Future updates to actions-runner might need an updated patch. The .net
version number patch has been separated into a separate file to avoid a
need for constantly changing the patch.
Configuring the builder.
Install prerequisites.
sudo dnf install podman
Add actions-runner service.
sudo cp self-hosted-builder/actions-runner.service /etc/systemd/system/
sudo systemctl daemon-reload
Create a config file, needs github personal access token.

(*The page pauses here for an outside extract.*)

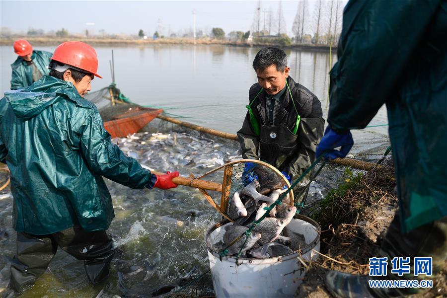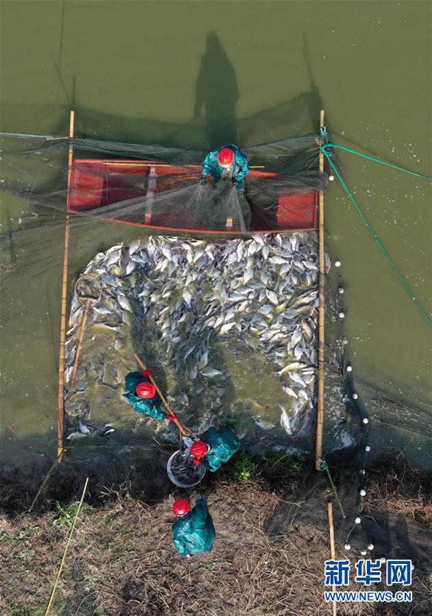 12月28日,漁民們?cè)诹夂?zhèn)盛江家庭農(nóng)場(chǎng)捕魚(yú)。

# Create file /etc/actions-runner
repo=<owner>/<name>
access_token=<ghp_***>
Access token should have the repo scope, consult https://docs.github.com/en/rest/reference/actions#create-a-registration-token-for-a-repository for details.
Autostart actions-runner.
$ sudo systemctl enable --now actions-runner
Rebuilding the container
In order to update the gaplib-actions-runner
podman container, e.g. to get the
latest OS security fixes, follow these steps:
# Stop actions-runner service
sudo systemctl stop actions-runner
# Delete old container
sudo podman container rm gaplib-actions-runner
# Delete old image
sudo podman image rm localhost/zlib-ng/actions-runner
# Build image
sudo podman build --squash -f Dockerfile.zlib-ng --tag zlib-ng/actions-runner --build-arg .
# Build container
sudo podman create --name=gaplib-actions-runner --env-file=/etc/actions-runner --init --interactive --volume=actions-runner-temp:/home/actions-runner zlib-ng/actions-runner
# Start actions-runner service
sudo systemctl start actions-runner